Minimum viable inventory
- Content types: pages, posts, products, docs, authors, categories/tags, media assets.
- Fields per type: title, body, excerpt/summary, slug, publish date, author, taxonomy, SEO fields, featured flags, etc.
- Volumes: item counts and approximate media counts.
- Shape issues: duplicate slugs, empty fields, wildly long titles, HTML embedded where plain text is expected.
As you inventory, write down “promises” that the current system makes to the outside world. For example: URLs that must keep working, a blog index that assumes publish dates exist, or a template that expects a hero text and a CTA field.
If you have multiple sites or locales, include them explicitly. Migrations often go wrong when “site” is treated as a filter rather than a core attribute that affects URL structure, navigation, and permissions.
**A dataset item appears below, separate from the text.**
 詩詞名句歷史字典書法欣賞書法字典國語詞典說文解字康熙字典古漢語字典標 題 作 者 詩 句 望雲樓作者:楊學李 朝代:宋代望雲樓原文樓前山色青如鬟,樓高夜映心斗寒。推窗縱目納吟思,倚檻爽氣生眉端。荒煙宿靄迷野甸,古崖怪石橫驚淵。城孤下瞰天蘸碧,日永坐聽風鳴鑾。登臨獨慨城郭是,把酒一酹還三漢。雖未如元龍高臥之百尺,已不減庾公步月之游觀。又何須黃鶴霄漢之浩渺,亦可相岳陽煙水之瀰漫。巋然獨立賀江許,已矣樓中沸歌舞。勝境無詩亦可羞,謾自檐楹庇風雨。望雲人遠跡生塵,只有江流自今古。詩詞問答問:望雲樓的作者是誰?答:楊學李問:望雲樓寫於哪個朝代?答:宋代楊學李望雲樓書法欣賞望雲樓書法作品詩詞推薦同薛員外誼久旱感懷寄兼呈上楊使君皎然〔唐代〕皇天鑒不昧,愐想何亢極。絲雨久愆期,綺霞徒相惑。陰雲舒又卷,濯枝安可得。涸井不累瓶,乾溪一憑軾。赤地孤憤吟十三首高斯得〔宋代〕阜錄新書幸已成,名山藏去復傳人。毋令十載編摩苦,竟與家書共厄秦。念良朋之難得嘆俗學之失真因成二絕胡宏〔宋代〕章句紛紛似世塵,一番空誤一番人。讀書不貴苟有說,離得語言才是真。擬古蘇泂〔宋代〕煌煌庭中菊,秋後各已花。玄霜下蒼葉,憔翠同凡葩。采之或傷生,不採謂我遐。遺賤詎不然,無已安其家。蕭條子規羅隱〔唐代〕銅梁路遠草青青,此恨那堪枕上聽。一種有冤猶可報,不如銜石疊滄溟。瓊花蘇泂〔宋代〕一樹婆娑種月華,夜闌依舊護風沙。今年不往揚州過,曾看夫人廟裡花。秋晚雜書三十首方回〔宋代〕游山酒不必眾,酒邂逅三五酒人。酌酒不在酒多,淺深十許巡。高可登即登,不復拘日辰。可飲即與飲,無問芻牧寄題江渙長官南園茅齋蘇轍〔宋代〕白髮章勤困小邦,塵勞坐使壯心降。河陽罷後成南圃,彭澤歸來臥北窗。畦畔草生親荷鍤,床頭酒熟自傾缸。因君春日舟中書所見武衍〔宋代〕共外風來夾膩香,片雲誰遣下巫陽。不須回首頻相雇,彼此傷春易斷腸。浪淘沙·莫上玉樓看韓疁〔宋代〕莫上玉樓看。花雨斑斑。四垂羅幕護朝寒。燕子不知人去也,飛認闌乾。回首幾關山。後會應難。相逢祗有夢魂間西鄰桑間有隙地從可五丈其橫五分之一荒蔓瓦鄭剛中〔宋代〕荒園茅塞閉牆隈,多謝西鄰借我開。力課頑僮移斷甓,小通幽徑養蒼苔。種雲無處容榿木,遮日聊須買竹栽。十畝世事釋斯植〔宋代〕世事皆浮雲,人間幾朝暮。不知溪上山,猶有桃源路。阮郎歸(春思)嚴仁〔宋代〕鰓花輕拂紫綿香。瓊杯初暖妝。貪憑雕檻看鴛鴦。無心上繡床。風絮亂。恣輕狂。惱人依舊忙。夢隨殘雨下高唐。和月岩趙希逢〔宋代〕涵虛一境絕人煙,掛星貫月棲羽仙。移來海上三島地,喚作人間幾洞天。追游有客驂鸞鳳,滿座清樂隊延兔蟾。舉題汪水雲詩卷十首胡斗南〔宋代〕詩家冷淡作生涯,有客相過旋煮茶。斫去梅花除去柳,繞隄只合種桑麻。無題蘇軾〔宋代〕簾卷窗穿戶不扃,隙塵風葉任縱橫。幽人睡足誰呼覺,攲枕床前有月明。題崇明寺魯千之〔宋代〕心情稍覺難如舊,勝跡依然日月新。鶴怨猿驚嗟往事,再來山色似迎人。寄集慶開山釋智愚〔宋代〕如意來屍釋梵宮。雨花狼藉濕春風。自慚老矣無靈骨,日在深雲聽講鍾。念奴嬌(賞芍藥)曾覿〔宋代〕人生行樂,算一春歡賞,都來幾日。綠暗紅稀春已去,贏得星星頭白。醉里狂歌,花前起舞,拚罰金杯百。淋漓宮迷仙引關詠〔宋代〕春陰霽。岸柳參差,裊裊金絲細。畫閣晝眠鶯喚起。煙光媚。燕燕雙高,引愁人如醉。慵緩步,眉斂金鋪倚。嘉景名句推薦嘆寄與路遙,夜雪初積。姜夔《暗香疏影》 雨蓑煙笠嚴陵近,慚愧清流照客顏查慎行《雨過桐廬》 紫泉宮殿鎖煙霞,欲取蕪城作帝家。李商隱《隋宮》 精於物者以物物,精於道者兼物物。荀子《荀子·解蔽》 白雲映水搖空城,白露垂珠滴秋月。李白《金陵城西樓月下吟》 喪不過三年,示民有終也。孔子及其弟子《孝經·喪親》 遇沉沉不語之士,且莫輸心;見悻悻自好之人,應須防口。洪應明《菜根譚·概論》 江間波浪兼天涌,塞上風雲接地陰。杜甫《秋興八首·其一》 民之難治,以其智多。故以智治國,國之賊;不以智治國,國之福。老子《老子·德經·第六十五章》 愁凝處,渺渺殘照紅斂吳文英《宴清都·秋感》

Step 2: Define a canonical content model
A canonical model is the “source of truth” shape you want your content to have during and after the move. It’s not necessarily the destination CMS schema; it’s a neutral structure that makes mapping easier and exposes gaps.
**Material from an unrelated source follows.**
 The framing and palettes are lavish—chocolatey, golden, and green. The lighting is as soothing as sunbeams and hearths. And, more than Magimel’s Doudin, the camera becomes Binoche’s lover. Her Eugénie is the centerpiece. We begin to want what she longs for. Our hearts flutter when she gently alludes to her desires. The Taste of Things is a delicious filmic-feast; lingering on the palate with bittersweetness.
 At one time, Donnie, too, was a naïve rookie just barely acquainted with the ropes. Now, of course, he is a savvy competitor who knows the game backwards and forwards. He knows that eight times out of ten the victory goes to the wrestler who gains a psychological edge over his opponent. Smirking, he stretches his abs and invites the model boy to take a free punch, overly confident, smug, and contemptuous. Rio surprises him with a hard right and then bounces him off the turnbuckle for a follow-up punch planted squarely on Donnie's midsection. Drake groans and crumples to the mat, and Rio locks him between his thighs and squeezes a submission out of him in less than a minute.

Think of it as a contract between teams: content strategy defines what fields should exist, engineering defines what fields are required for rendering and integrations, and operations defines what fields are needed for day-to-day publishing.
For each content type, decide:
- Required fields vs optional fields. “Required” should mean “the site breaks or looks wrong without it,” not “nice to have.”
- Single vs multiple values. One author or many? One category or many? Make the multiplicity explicit.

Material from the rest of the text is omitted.